# Supplied data
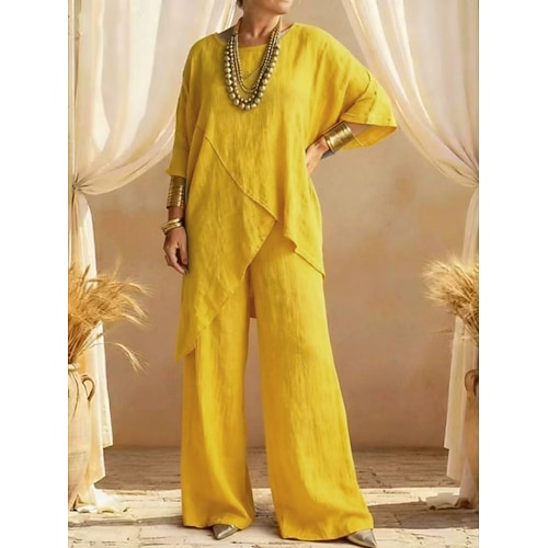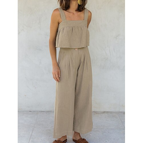 Per donna Set di biancheria in cotone Set da due pezzi Misto lino Pantaloni di Lino Pantaloni Senza Maniche Girocollo Tinta unica Moda Hawaiano Abbigliamento quotidiano Data Bianco Giallo Grigio
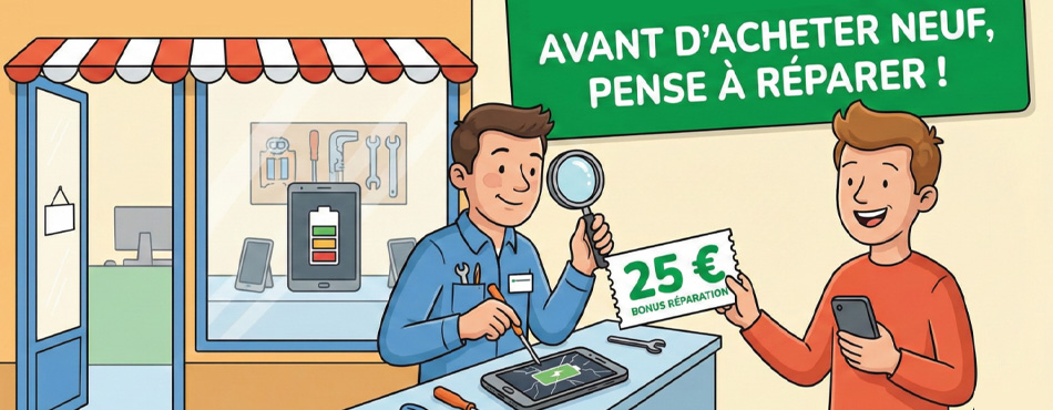 Mais avant d'acheter neuf, pensez à la réparation ! Le dispositif gouvernemental Bonus Réparation offre 25 € de réduction immédiate chez les réparateurs QualiRépar pour changer un écran ou une batterie.
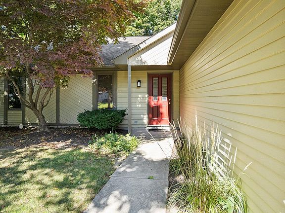 Mature trees surround this 1286 Sq-Ft Ranch with 3-bedrooms and 2 full baths, located in Concord Hill NE Allen County. The entry foyer leads into the large living room with cathedral ceilings, a skylight, a stone corner fireplace, and a full glass door for access into the shaded back yard. The kitchen is open to the eat-in dining area with a 3-sided bay window. The master bedroom has high ceilings and a private master bath. All kitchen appliances are included. HVAC system new in 2018. Roof new in 2006.
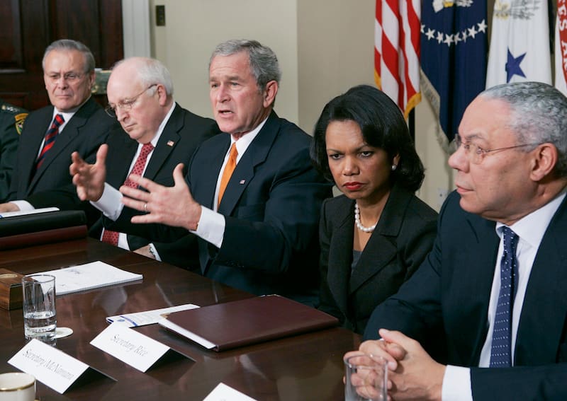 Además, ha sido denominado uno de los arquitectos de la guerra de Irak, conflicto bélico que fue calificado por él mismo luego como una “mancha en su legado”, debido a las múltiples críticas que recibió tras un recordado discurso de 75 minutos ante Naciones Unidas en el que aseguró que había presencia de armas de destrucción masiva en poder de Irak, información incorrecta y motivo por el cual no siguió en el cargo tras la reelección de Bush.
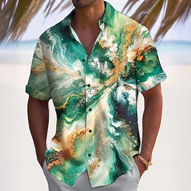 Hombre Geométrico Mármol Arte líquido abstracto Camisa Camisa de verano Abotonar la camisa Manga Corta Moda informal Exterior Vacaciones Uso Diario Verano Primavera Cuello Vuelto Impresión 3D camisas

# What is required
In the reply, every line of the material above is to be reproduced verbatim, and the images are to be left out.

# Exercise response
 Per donna Set di biancheria in cotone Set da due pezzi Misto lino Pantaloni di Lino Pantaloni Senza Maniche Girocollo Tinta unica Moda Hawaiano Abbigliamento quotidiano Data Bianco Giallo Grigio
 Mais avant d'acheter neuf, pensez à la réparation ! Le dispositif gouvernemental Bonus Réparation offre 25 € de réduction immédiate chez les réparateurs QualiRépar pour changer un écran ou une batterie.
 Mature trees surround this 1286 Sq-Ft Ranch with 3-bedrooms and 2 full baths, located in Concord Hill NE Allen County. The entry foyer leads into the large living room with cathedral ceilings, a skylight, a stone corner fireplace, and a full glass door for access into the shaded back yard. The kitchen is open to the eat-in dining area with a 3-sided bay window. The master bedroom has high ceilings and a private master bath. All kitchen appliances are included. HVAC system new in 2018. Roof new in 2006.
 Además, ha sido denominado uno de los arquitectos de la guerra de Irak, conflicto bélico que fue calificado por él mismo luego como una “mancha en su legado”, debido a las múltiples críticas que recibió tras un recordado discurso de 75 minutos ante Naciones Unidas en el que aseguró que había presencia de armas de destrucción masiva en poder de Irak, información incorrecta y motivo por el cual no siguió en el cargo tras la reelección de Bush.
 Hombre Geométrico Mármol Arte líquido abstracto Camisa Camisa de verano Abotonar la camisa Manga Corta Moda informal Exterior Vacaciones Uso Diario Verano Primavera Cuello Vuelto Impresión 3D camisas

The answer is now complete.